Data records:
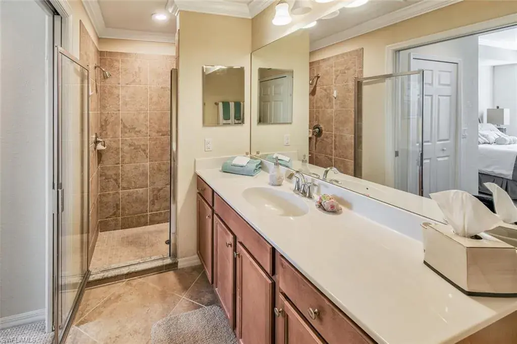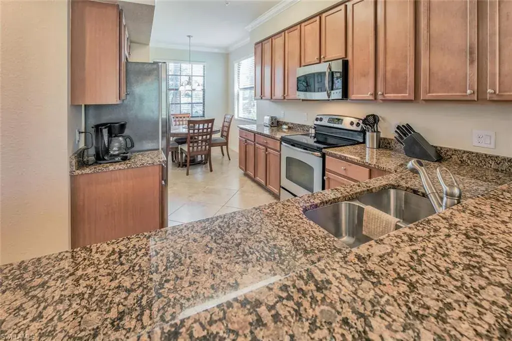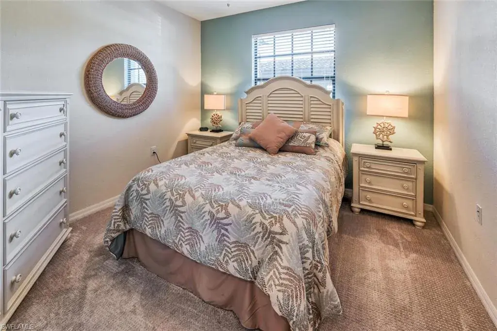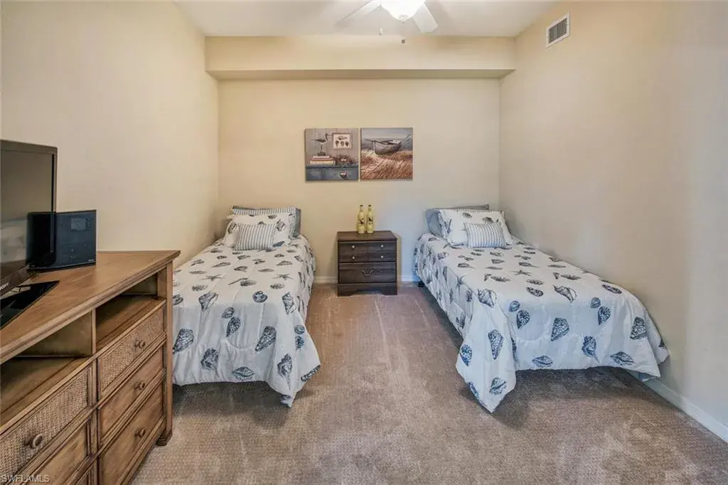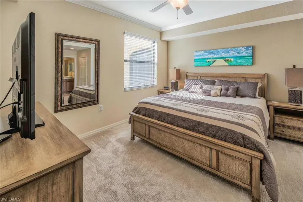 New improved price makes this the lowest priced first floor end unit in Treviso! Highly sought after 2BR/2BA +Den first floor Celiana model condo located in prestigious Treviso Bay! This property comes with TPC Golf membership! Treviso Bay boasts a beautifully maintained 18-hole golf course designed by Arthur Hills, a true legend in golf course design, it also offers resort style amenities with access to Villa Rilassare club house with state-of-the-art fitness center, a Tiki bar, a beautiful resort style pool with a waterfall, a full-service spa, tennis, basketball, a bocce court, pickle ball courts and so much more. The community is truly one of a kind and the location is superb. Downtown Naples and the beautiful white sandy beaches are just 15 minutes away. Downtown offers theater, unique shopping and fine dining in a picturesque small-town setting. Other amenities in the community include satellite community pools, BBQ grills, onsite restaurants, beauty salon etc. This home features a king bed in the master, two twin beds in the den, and a queen bed in the guest room. Two full bathrooms (master ensuite and guest bathroom) as well as a lovely private lanai, stainless steel appliances, granite counters, tile throughout the main areas and carpet in the bedrooms. Don’t miss this opportunity to own a condo in paradise!
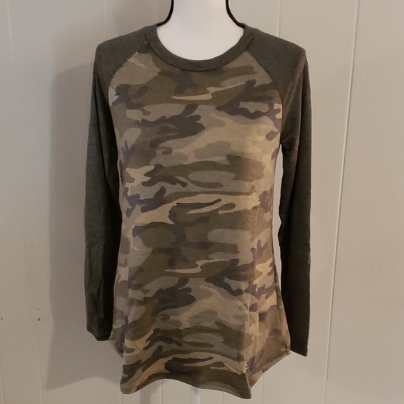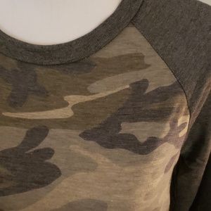 Heather gray and camo raglan with camo elbow patches. I get so many compliments on this piece! The items being sold are new without tags and have never been worn.
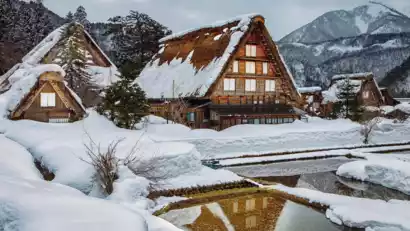 After breakfast, we'll depart for the fairytale world of Shirakawa-go. Shirakawa-go's unique thatched-roof architecture, a UNESCO World Heritage site, evokes both the rustic charm of Japan and the romantic, medieval-style peaked huts of Europe. On a winter night, the village, dotted with lights, nestled amidst the snow, creates a truly fairytale-like atmosphere.
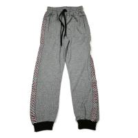 Штаны для мальчика на манжетах, на резинке и шнуровке в поясе. Боковые прорезные карманы с манжетами. По бокам ломпасы из полосатой ткани с надписями.Размер 140: длина 82 см, обхват талии 54-60 см.
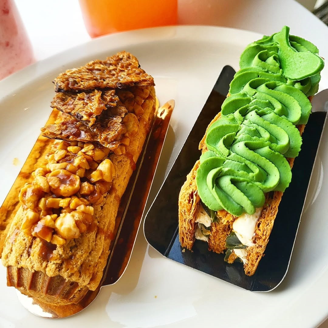 이 날 주문한 카라멜 에끌레어와 말차 밀푀유는 단순히 예쁜 비주얼을 넘어선 맛을 자랑했어요.
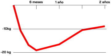 Y el otro dato que vemos en la gráfica anterior es que realmente no estamos hablando de dieta cetogénica más que durante dos meses y medio en el mejor de los casos, por lo que es imposible sacar conclusiones a largo plazo sobre la dieta cetogénica con estos datos.
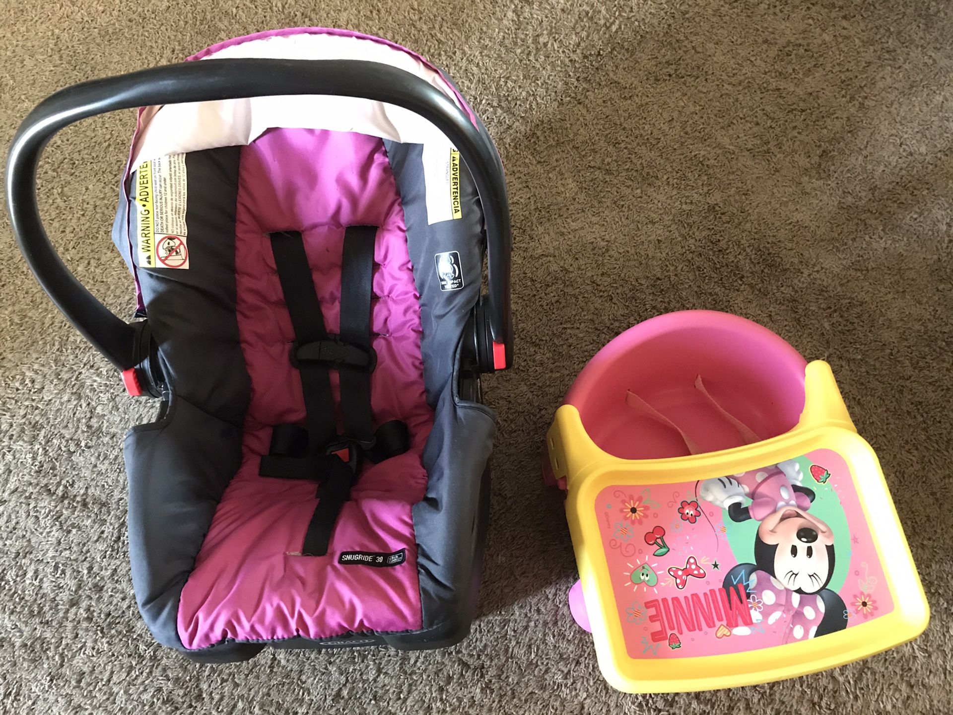 Snug ride baby car seat with a base for a 4 to 35 pounds baby Minnie Mouse baby girl booster chair Both in a very good condition
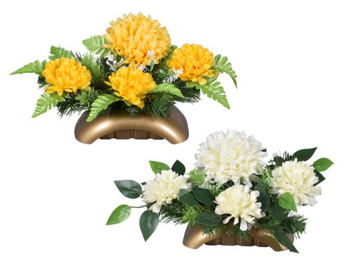 Väzba z umelých kvetov. Aranžmán z umelých kvetov imitujúcich chryzantémy je umiestnený v zlatej nádobe, doplnenej ihličinou, papradí či zelenými lístkami. Vhodná sezóna: jeseň. Rozmery: šírka 36 cm, výška 23 cm. Farba: mix farieb.

GOAL OF THE EXERCISE: The lines to be quoted run from the line containing "Y el otro dato" through the end of the entries above, both included; quote them exactly and leave out any pictures.

ANSWER BELOW:
 Y el otro dato que vemos en la gráfica anterior es que realmente no estamos hablando de dieta cetogénica más que durante dos meses y medio en el mejor de los casos, por lo que es imposible sacar conclusiones a largo plazo sobre la dieta cetogénica con estos datos.
 Snug ride baby car seat with a base for a 4 to 35 pounds baby Minnie Mouse baby girl booster chair Both in a very good condition
 Väzba z umelých kvetov. Aranžmán z umelých kvetov imitujúcich chryzantémy je umiestnený v zlatej nádobe, doplnenej ihličinou, papradí či zelenými lístkami. Vhodná sezóna: jeseň. Rozmery: šírka 36 cm, výška 23 cm. Farba: mix farieb.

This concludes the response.